══ STORED DATA

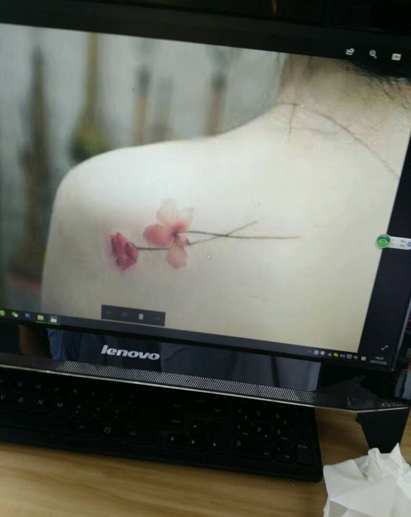 当前位置: 首页 >广西南宁市纹身店-墨匠刺青纹身图案>木棉花纹身图片_肩部传统植物成品纹身图案
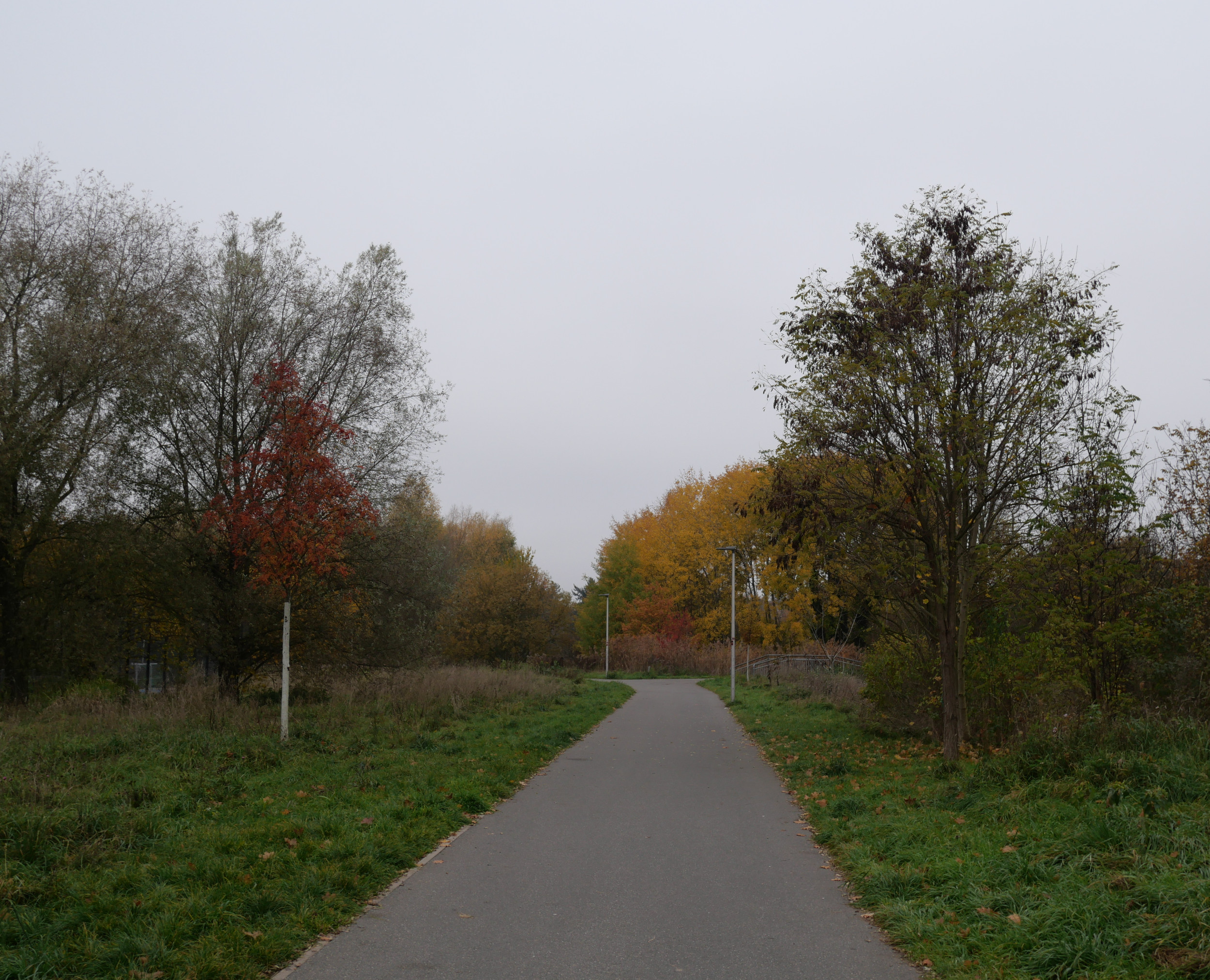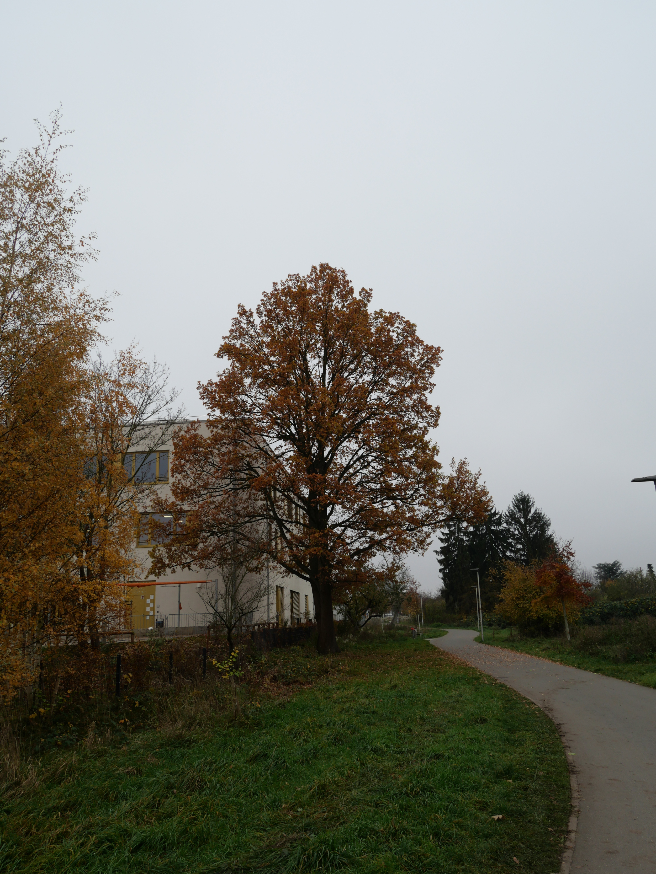 Das unumstritten beste in der Gegend ist für mich jedenfalls die Natur - also genau das, was durch diese Bauprojekte leider fortgesetzt weniger wird. Hier der Blick vom Gehweg nördlich der Schule in Richtung Westen auf einen größeren Baumbestand. Selbst im November noch schön anzusehen.
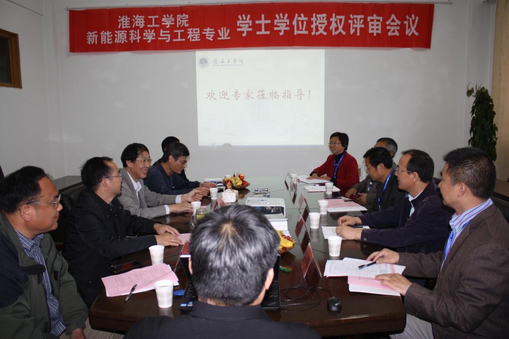 5月11日上午,我校2011年新增专业——新能源科学与工程专业学士学位授权专家实地评审会在理学院会议室隆重举行。由中国矿业大学电力工程学院院长、博士生导师李意民教授为组长,南京工业大学新能源系主任孙后环教授、盐城师范学院物电学院院长刘成林教授、淮阴工学院江苏省生物质转化重点实验室主任李相前教授、盐城工学院新能源系主任张兰红教授、日出东方太阳能股份有限公司副总裁焦青太总工程师、连云港市新能源行业协会副会长、秘书长陈双喜组成的学士学位授权评审专家组莅临我校副校长杜军、教务处处长、理学院院长李纪明、理学院党委书记王恒明等相关领导出席会议。

════

PROMPT:
The entire listing above is to be copied exactly, with all pictures omitted.

RESPONSE TO THE EXERCISE:
 当前位置: 首页 >广西南宁市纹身店-墨匠刺青纹身图案>木棉花纹身图片_肩部传统植物成品纹身图案
 Das unumstritten beste in der Gegend ist für mich jedenfalls die Natur - also genau das, was durch diese Bauprojekte leider fortgesetzt weniger wird. Hier der Blick vom Gehweg nördlich der Schule in Richtung Westen auf einen größeren Baumbestand. Selbst im November noch schön anzusehen.
 5月11日上午,我校2011年新增专业——新能源科学与工程专业学士学位授权专家实地评审会在理学院会议室隆重举行。由中国矿业大学电力工程学院院长、博士生导师李意民教授为组长,南京工业大学新能源系主任孙后环教授、盐城师范学院物电学院院长刘成林教授、淮阴工学院江苏省生物质转化重点实验室主任李相前教授、盐城工学院新能源系主任张兰红教授、日出东方太阳能股份有限公司副总裁焦青太总工程师、连云港市新能源行业协会副会长、秘书长陈双喜组成的学士学位授权评审专家组莅临我校副校长杜军、教务处处长、理学院院长李纪明、理学院党委书记王恒明等相关领导出席会议。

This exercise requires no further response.